获得 SSM 文档内容后，请参照以下过程之一创建自定义 SSM 文档。

------
#### [ Console ]

**创建 SSM 命令文档**

1. 打开 Amazon Systems Manager 控制台，网址为[https://console.aws.amazon.com//systems-manager/](https://console.amazonaws.cn//systems-manager/)。

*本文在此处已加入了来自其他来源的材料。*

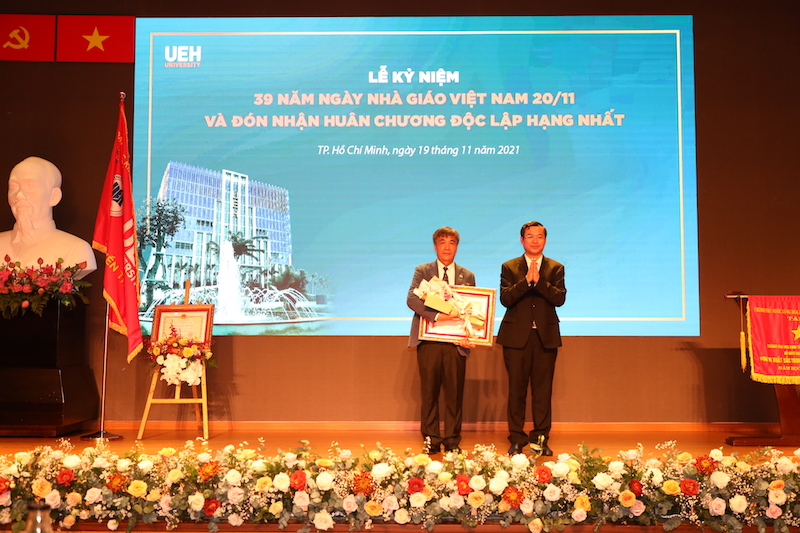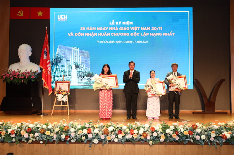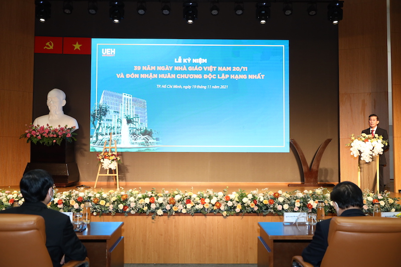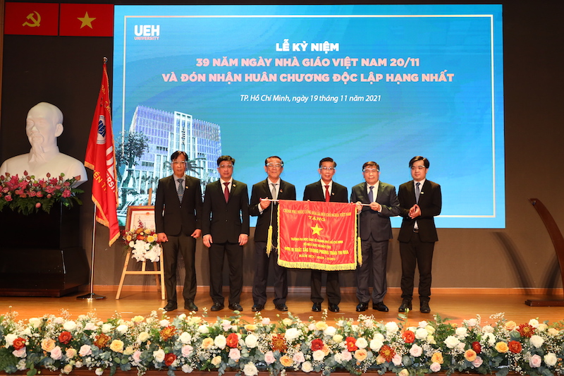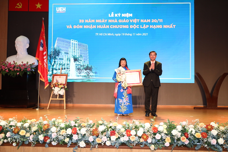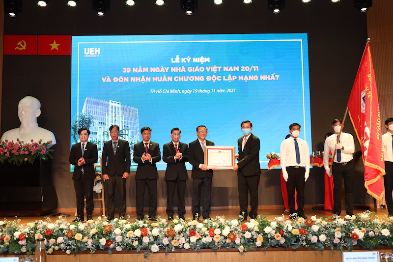 Sáng ngày 19/11/2021, Trường Đại học Kinh tế TP. Hồ Chí Minh (UEH) đã long trọng tổ chức Lễ kỷ niệm 39 năm Ngày Nhà giáo Việt Nam (20/11/1982 - 20/11/2021) và vinh dự đón nhận Huân chương Độc lập Hạng nhất của Chủ tịch nước Cộng hòa xã hội chủ nghĩa Việt Nam trao tặng. Đây là minh chứng cho những nỗ lực và cống hiến không ngừng của tập thể lãnh đạo, quý Thầy, Cô, viên chức và người lao động UEH trong sự nghiệp giáo dục đại học và góp phần xây dựng, phát triển kinh tế - xã hội của đất nước trong suốt 45 năm qua

1. 在导航窗格中，选择**文档**，然后选择**创建文档**、**命令或会话**。

1. 对于**名称**，为文档输入一个描述性名称。

1. 对于**目标类型**，选择**/AWS::EC2::Instance**。

1. 对于**文档类型**，请选择**命令**。

1. 在**内容**字段中，选择 **YAML**，然后粘贴文档内容。

1. 在**文档标签**部分，添加标签键为 `DLMScriptsAccess`、标签值为 `true` 的标签。
**重要**  
该`DLMScriptsAccess:true`标签是*步骤 3：准备 Amazon Data Lifecycle Manager IAM 角色*中使用的**AWSDataLifecycleManagerSSMFull访问** Amazon 托管策略所必需的。该策略使用 `aws:ResourceTag` 条件键来限制对带有此标签的 SSM 文档的访问权限。

1. 选择**创建文档**。

------
#### [ Amazon CLI ]

**创建 SSM 命令文档**  
使用 [create-document](https://docs.amazonaws.cn/cli/latest/reference/ssm/create-document.html) 命令。对于 `--name`，请为文档指定一个描述性名称。对于 `--document-type`，请指定 `Command`。对于 `--content`，请指定包含 SSM 文档内容的.yaml 文件的路径。对于 `--tags`，请指定 `"Key=DLMScriptsAccess,Value=true"`。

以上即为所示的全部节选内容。